What about Endeavour’s preferences with respect to outside counsel?
We’ve got a reasonable amount of experience. We don’t have a specific panel, but there are firms we’ve used and talked to in past years in New York, Toronto, Vancouver and London, teams that we know well. These are the big New York or London project finance firms with big project finance teams, good mining expertise. At the same time, we’re always open to finding new teams that we like.
We’ve done a reasonable amount with Mayer Brown, Shearman & Sterling, Allen & Overy, Norton Rose Fulbright, those are probably the ones we speak most to. There’s also Skadden and Clifford Chance. It does somewhat depend on which part of the world the project is, but those two are probably up there, and then Milbank and Sullivan & Cromwell are the other two. We’ve done less work with them recently, but that’s for deal-specific reasons. There are also good firms in Canada. Cassels Brock, Stikeman Elliott, and Blakes are the ones we see quite a lot of.
We did a deal in Guyana last year, and we had Canadian counsel because the project sponsor was Canadian. We had Guyana counsel for the local issues, we had Barbados counsel because of the holding company structure, and we had New York counsel because the deal got done under New York law. And for the Baja one, we had US counsel, Canadian counsel, and Korean counsel, because we had Korean lenders and joint venture partners, as well as Mexican counsel advising on issues.
Do you have a preference with respect to hourly versus fixed billing rates?
In terms of billing structures, ultimately it comes down to what the client wants. We don’t have our own counsel as the advisor, we work with our clients’ counsel, and from our personal perspective, we’re agnostic as to what the fee structure should be. From a client perspective, if you can have a cap fee structure, that may be helpful. But the assumptions behind that cap structure may not prove to be born out in reality, and you find that cap isn’t really a cap, you get to it and you keep going.
We might have a firm accruing fees at a discounted rate. It’s also helpful if a firm can accrue the fees but defer the billing.
Let’s talk about your vision for the future of your operations in Mexico.
We’re not looking to expand into other sectors at the moment.

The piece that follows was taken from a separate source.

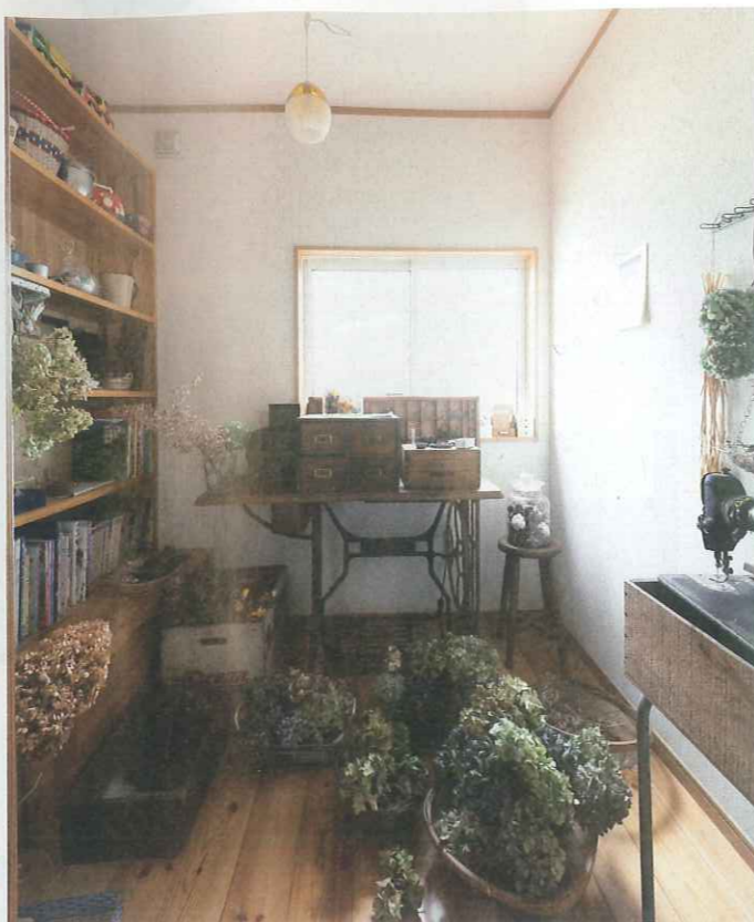
2階にはリース作りを趣味とする妻の部屋が。収納や本棚は造りつけて使いやすさを重視し、さらに床下には収納も確保。創作活動に没頭できるプライベート空間となっている

We do some oil and gas deals, but not that many, probably less than 5% I would say are oil and gas, and the majority are focused on mining. We’re keen to do more deals in Mexico, though I think some parts of the country have challenges, security issues at the moment, which is giving some of the mining companies headaches.
I think we’re probably more affected, and the industry overall is more affected, by what’s happening in the equity markets. Either the metals prices don’t make these projects economic, or the equity markets are depressed if they don’t have funds to get projects to the point where they can be readily financed by debt.
Getting projects to a point where they are suited for project finance is a key part of what we do, but then there is executing on financing with lenders. When the equity markets are pretty weak, particularly for junior mining companies in markets in Toronto, London and Australia, that inevitably has an impact on the development timeframes.
George Pyper has been advising and financing Natural Resources companies and projects for over fifteen years. Prior to joining Endeavour in 2008, he was at Rothschild based in London, Denver and Sydney. His experience at Endeavour and Rothschild has been primarily mining sector transactions including JV/partnering assignments, offtake negotiation, and a range of syndicated and bilateral structured and project debt facilities and commodity linked financial products.